Gasparini M, Lombardi F, Bellani F F, Gianni C, Pilotti S, Rilke F
Cancer. 1981 Oct 1;48(7):1508-12. doi: 10.1002/1097-0142(19811001)48:7<1508::aid-cncr2820480704>3.0.co;2-f.
Twenty-nine consecutive children with untreated non-Hodgkin's malignant lymphoma were admitted to Istituto Nazionale Tumori of Milan during the period from 1974 through 1976 and underwent treatment with chemotherapeutic regimens consisting of Adriamycin, Cytoxan, vincristine, and prednisone (two month induction phase) and 6-mercaptopurine, methotrexate, Adriamycin, vincristine, and prednisone (maintenance phase). Each patient, regardless of clinical stage of histologic subgroup, was given the same chemotherapy. The complete response rate was 66%. Due to the high incidence of recurrence of the initial bulky lymphomatous mass and of spread to the central nervous system (CNS), local radiotherapy was given to ten children and CNS prophylaxis (brain radiotherapy + intrathecal methotrexate) to 11 children. After a follow-up period in excess of 40 months, there were five disease-free survivors (17%). Each patient who had a relapse died from the disease. The main reason for first treatment failure was relapse at the level of the primary bulky tumor site or spread to the CNS. This type of CNS prophylaxis did not prevent relapse at this site.

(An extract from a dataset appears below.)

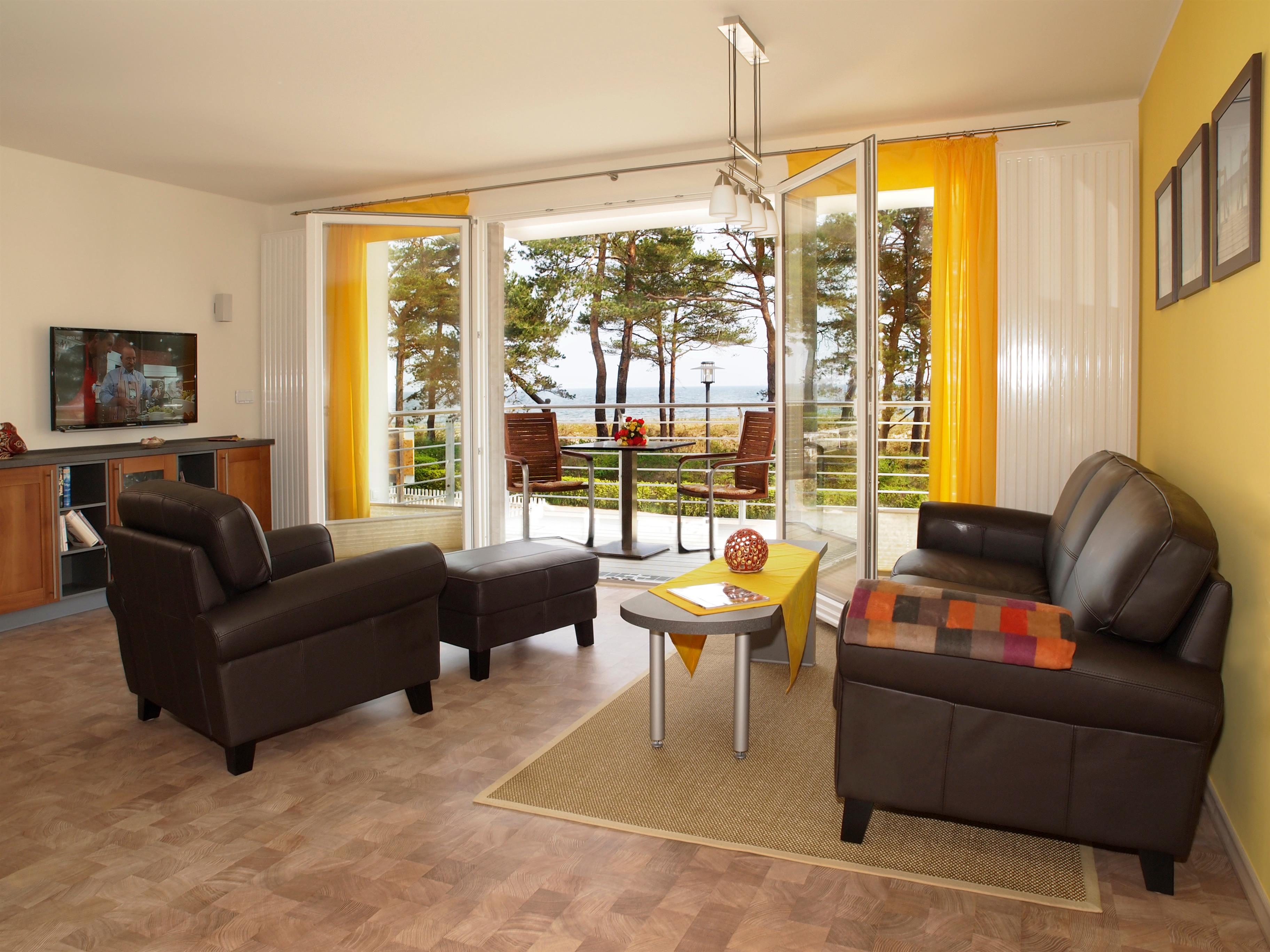 Dieses gemütlich eingerichtete 59 qm große Zwei-Zimmer-Appartement befindet sich im 2. Obergeschoss. Das helle Wohnzimmer mit großer Fensterfront zur Ostsee ist mit einer gemütlichen Couchecke mit Flat-TV sowie Radio eingerichtet. Der Essplatz und die offene Vollküche sind im Wohnraum integriert und mit Backofen/ Ceranfeld, Kühlschrank, Geschirrspüler, Mikrowelle p.p. ausgestattet. Der große zur Promenade ausgerichtete möblierte Balkon mit Meerblick ist vom Wohnraum begehbar. Das Schlafzimmer verfügt über ein Doppelbett und ausreichend Schrankraum. Das Badezimmer ist mit Dusche, Waschbecken und WC ausgestattet. Der Pkw-Stellplatz befindet sich auf dem Grundstück und ist der Wohnung zugeordnet. Fahrräder können im Fahrradkeller untergestellt werden.

1974年至1976年期间,29例未经治疗的非霍奇金恶性淋巴瘤患儿被收治入米兰国家肿瘤研究所,并接受了由阿霉素、环磷酰胺、长春新碱和泼尼松组成的化疗方案(两个月诱导期)以及6-巯基嘌呤、甲氨蝶呤、阿霉素、长春新碱和泼尼松(维持期)治疗。每位患者,无论组织学亚组的临床分期如何,均接受相同的化疗。完全缓解率为66%。由于初始巨大淋巴瘤肿块复发及扩散至中枢神经系统(CNS)的发生率较高,10名儿童接受了局部放疗,11名儿童接受了CNS预防(脑部放疗+鞘内注射甲氨蝶呤)。经过超过40个月的随访期,有5名无病生存者(17%)。每例复发患者均死于该疾病。首次治疗失败的主要原因是原发性巨大肿瘤部位复发或扩散至CNS。这种类型的CNS预防未能防止该部位复发。